Guide

WordPress cron reliability — using max vs average delay to find the blocking job

Your WordPress site looks healthy. Posts publish, logins work, the homepage is fast. But the average delay between a scheduled WP-Cron event's intended run time and its actual run time has been creeping up for days.

1. Problem

Your WordPress site looks healthy. Posts publish, logins work, the homepage is fast. But the average delay between a scheduled WP-Cron event's intended run time and its actual run time has been creeping up for days. Yesterday the average was 12 seconds. Today it's 4 minutes. wp cron event list now shows (now - 14 minutes) against half the registered hooks.

This is the "wordpress cron jobs not running overdue" scenario, and on a low-traffic site it surfaces silently as a creeping wp_cron_overdue_count over hours, not minutes. Nothing has crashed. WP-Cron is firing. But every time it runs, one specific hook eats the entire request budget, and the rest of the queue shifts to the next request that nobody is making. That's the symptom users finally report:

"Our WooCommerce abandoned cart email went out four hours late. The transactional ones too. And the daily Akismet recheck hasn't run since Tuesday."

This is not scheduled posts not publishing (acute, fixable in 5 minutes), not WP-Cron being disabled (visible immediately), not a single zombie hook stuck for years. It's the operational case where cron IS firing, but one slow job is starving every other hook in the same request.

2. Impact

Once wp_cron_overdue_count climbs, every time-sensitive feature begins to lie. WooCommerce's woocommerce_cleanup_personal_data runs eight hours late, putting GDPR deletion past compliance. action_scheduler_run_queue falls behind, failed-payment retries don't fire, customer notifications don't send. Newsletter plugins (Mailpoet, FluentCRM) queue thousands of emails that send hours later — by which time the campaign link is dead or the recipient already converted on a competitor.

For a 100k-pageview/month membership site, a 4-hour cron lag compounds into ~200 missed renewal-reminder emails per day, 5–12% of which would have converted to retained subscribers. At an LTV of $84, that's $840–$2,000/day in silent churn. The CFO never sees a refund spike — just a slow bleed in retention numbers two months later.
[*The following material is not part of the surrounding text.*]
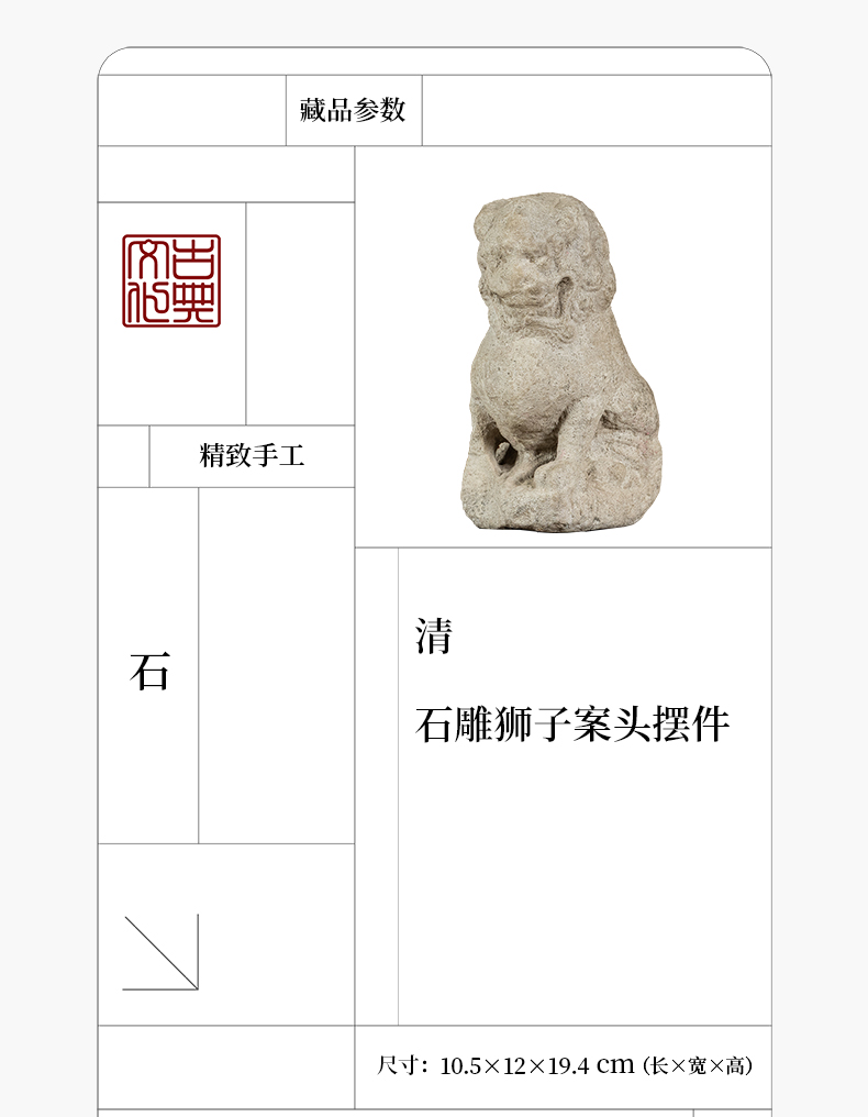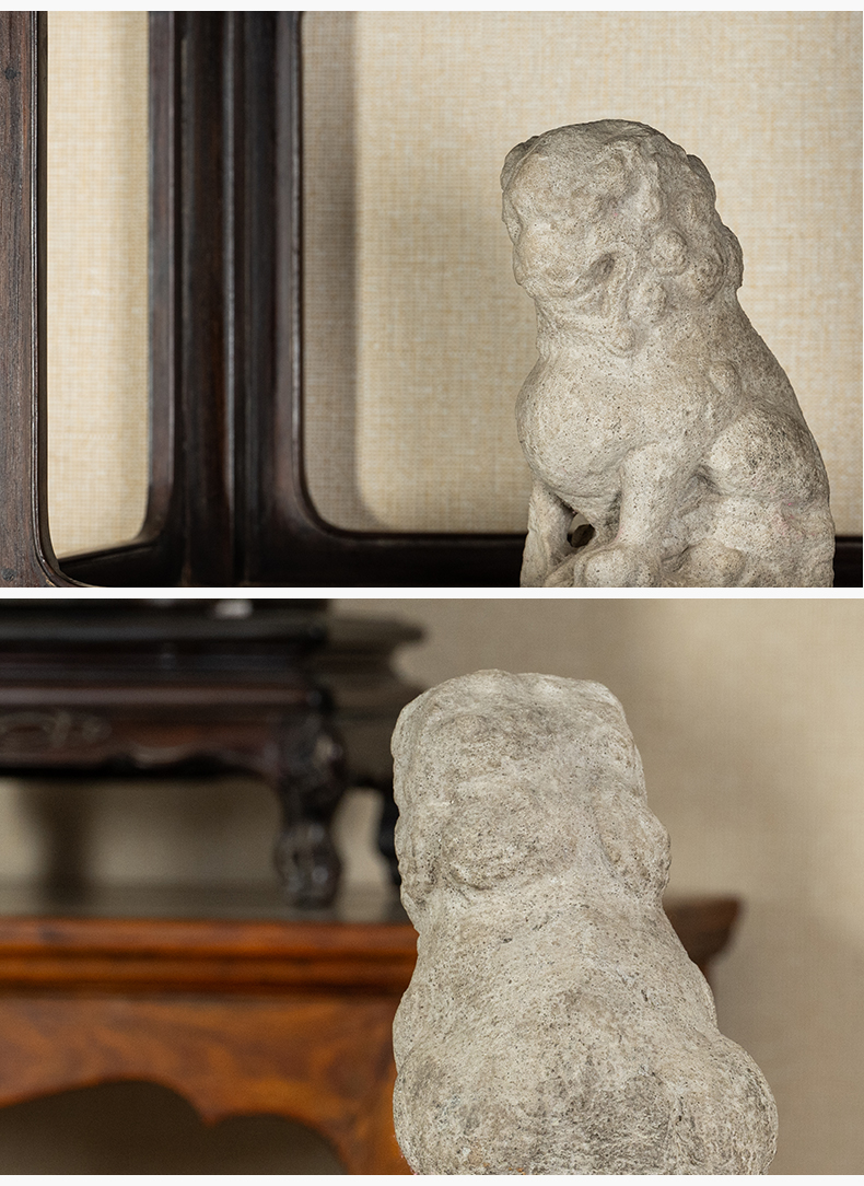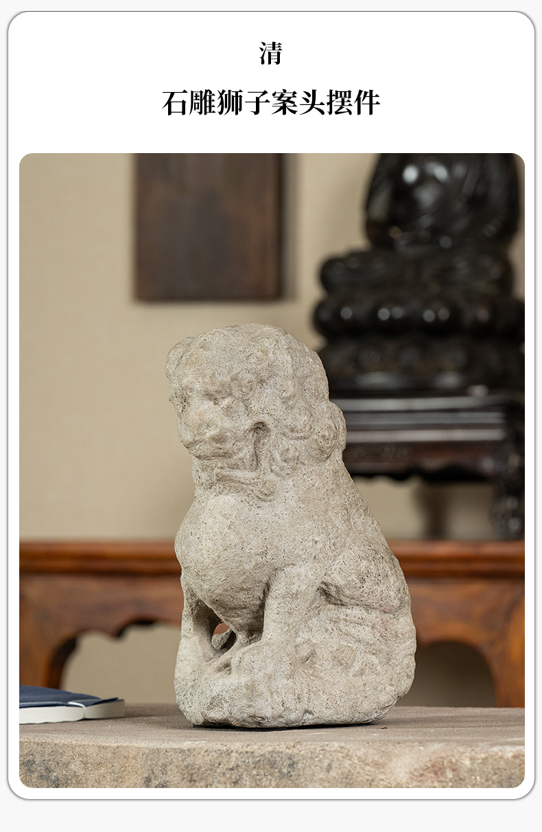 清 石雕狮子案头摆件

The quietest cost is observability. Many monitoring stacks report cron health as yes/no based on whether wp-cron.php returns 200. It does. Uptime is green. The only place the truth lives is in the cron option array and plugin queue tables. No human is grepping those at 2 a.m.

3. Why It’s Hard to Spot

WordPress's cron model is uniquely deceptive on this failure. WP-Cron is a pseudo-cron — it runs on visitor traffic, not a system clock. When a page is requested, WordPress checks if any events are due, then spawns a non-blocking request to wp-cron.php that iterates through due events serially in a single PHP process bounded by WP_CRON_LOCK_TIMEOUT (default 60s).
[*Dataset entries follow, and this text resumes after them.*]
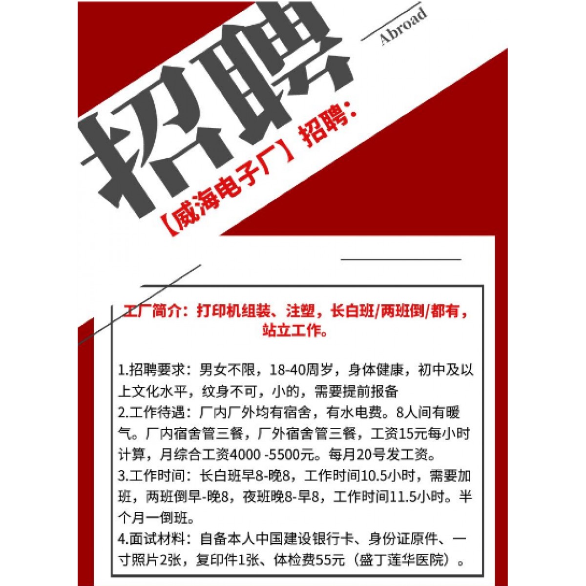 1?:工廠簡(jiǎn)介:打印機(jī)組裝、注塑,長(zhǎng)白班/兩班倒/都有,站立工作。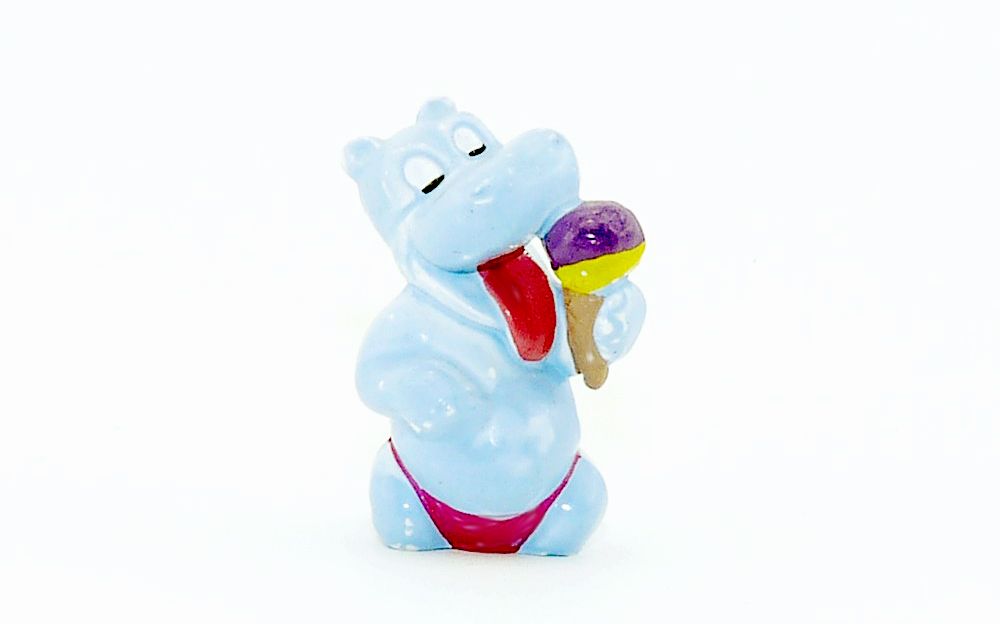 Beschreibung Die ersten Happy Hippo Figuren waren noch mit dünner hellblauer Farbe bemalt.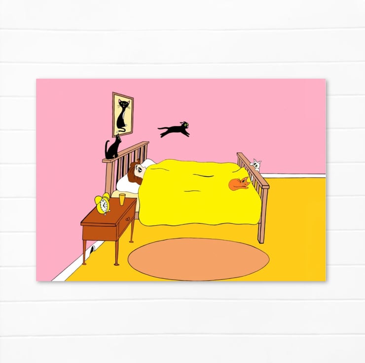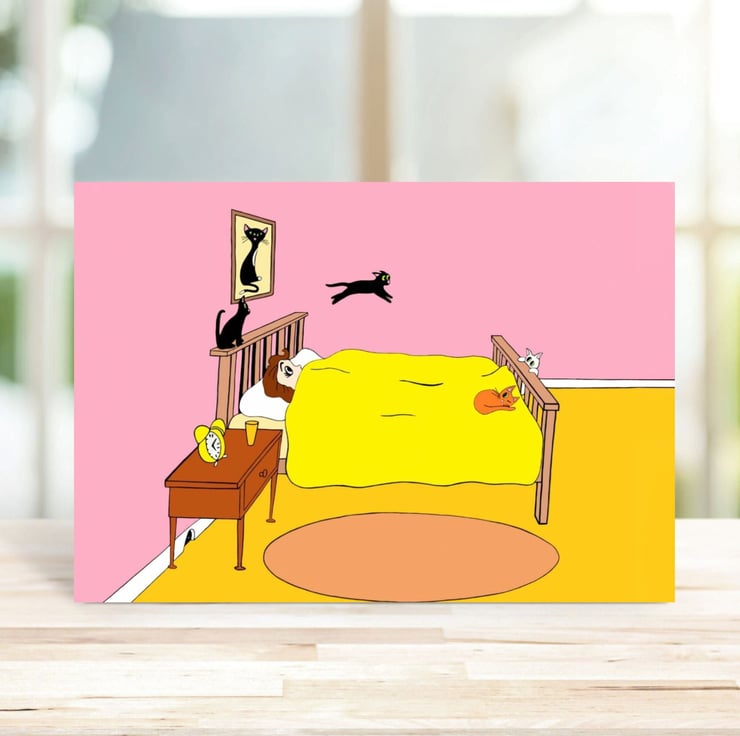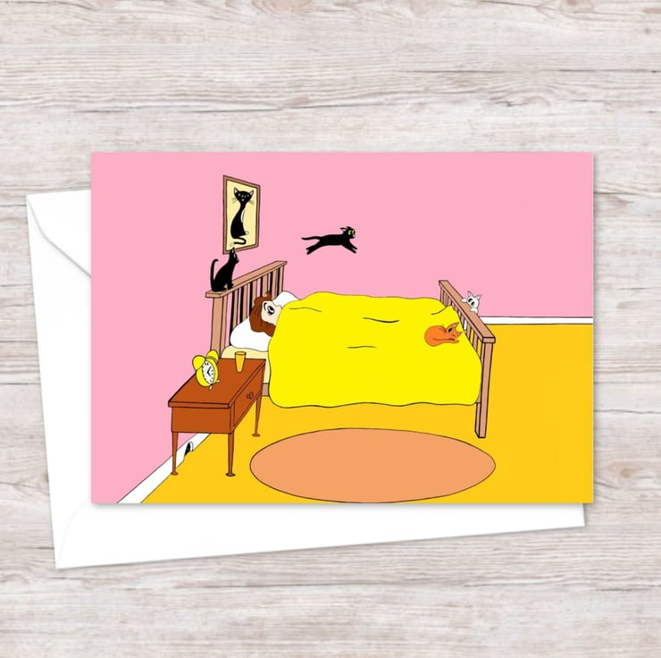 An original art greeting card featuring a hand drawn illustration of some flying cats!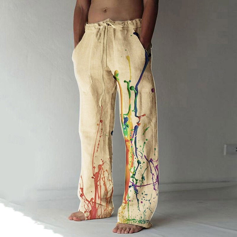 More information about Men's Graphic Prints Graffiti Linen Pants Trousers Summer Pants Mid Waist Fashion Streetwear Casual Daily Drawstring Elastic Waist Front Pocket Spring & Summer 3D Print Light Khaki Black White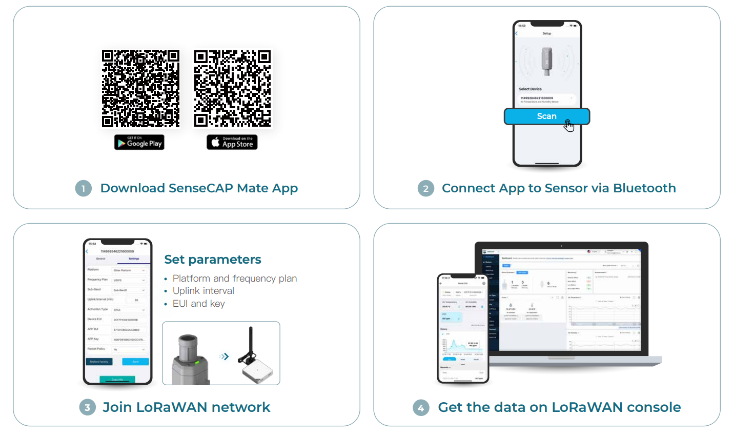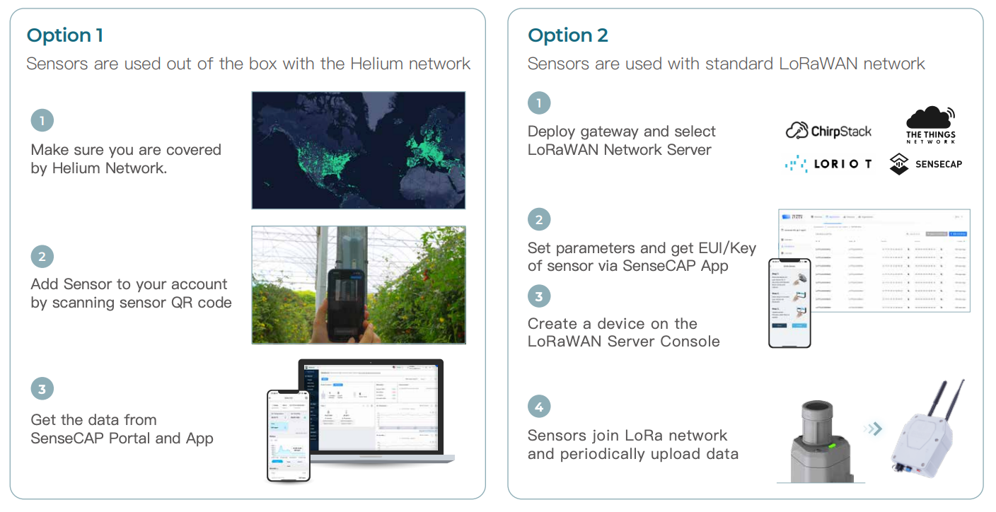 LoRaWAN® network coverage is required when using sensors, there are two options.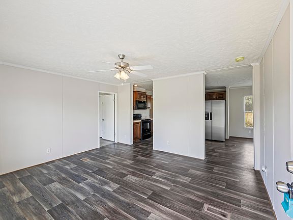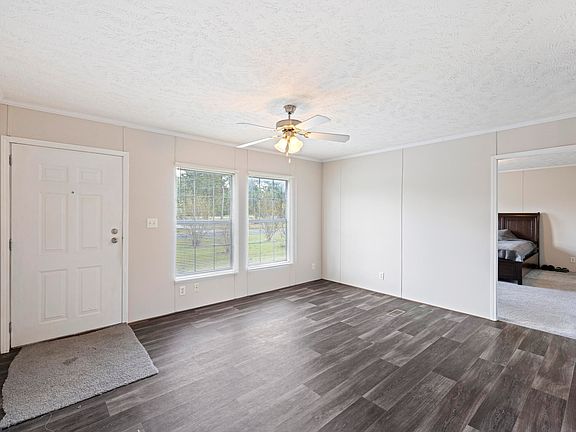 This charming 2007 Clayton manufactured home features three spacious bedrooms and two full bathrooms. Set on a generous one-acre lot, the property also benefits from a private well and septic system, providing both convenience and privacy. The inviting living room flows into a cozy den equipped with a fireplace, perfect for relaxation. The well-appointed kitchen includes a range, microwave, and dishwasher, catering to all your culinary needs. Recent updates include fresh paint and new flooring throughout, along with a new heat pump for efficient central heating and air conditioning.

That model has three failure modes that compound:

Traffic starvation. On a low-traffic site (5 visitors/hour overnight), there may be no request to trigger WP-Cron between 02:00 and 07:00. Every hook scheduled in that window queues up. By morning, wp_cron_overdue_count is 40+ deep, and the first visitor at 07:03 fires a single run that processes maybe two of them before lock timeout.
One slow job blocks the queue. Events run serially. If woocommerce_run_update_callback takes 38 seconds (realistic ALTER TABLE on a multi-million-row order table), and WP_CRON_LOCK_TIMEOUT is 60, only one or two other hooks fit in the remaining window. Everything else postpones to the next trigger — hours away on a low-traffic site.
The dashboard lies. WP Admin > Tools shows nothing about cron. Site Health has no cron panel. wp cron event list requires SSH. By the time someone runs it, the queue is 3 hours late and the question is "since when?" — which the WordPress UI cannot answer.

That's why cron drift is the most-common, latest-detected silent failure on production WordPress. Uptime monitors miss it. Plugin error logs miss it (no errors — just lateness). Standard APM misses it (the gap between scheduled and actual is a derived metric nobody computes).

4. Cause

The Logystera WordPress agent samples the cron array on every wp_loaded and emits wp_cron_overdue_count — the number of scheduled events whose time is in the past at sample time.

Healthy wp_cron_overdue_count is bursty but bounded: it spikes briefly as events become due, then drops to near zero as WP-Cron drains them. Unhealthy wp_cron_overdue_count ratchets up — each sample shows a higher floor than the previous, and the queue never fully drains.

The diagnostic key is the delta between wp_cron_avg_delay_seconds and wp_cron_max_delay_seconds (both: now − scheduled_time across overdue events). When max ≈ avg (avg=8s, max=12s), the queue is uniformly behind — traffic-starvation drift, not a blocking job. When max is dramatically larger than avg (avg=45s, max=14400s), one or two hooks are sitting at the front of the queue refusing to run while everything else is barely late. That delta is the blocking-job fingerprint.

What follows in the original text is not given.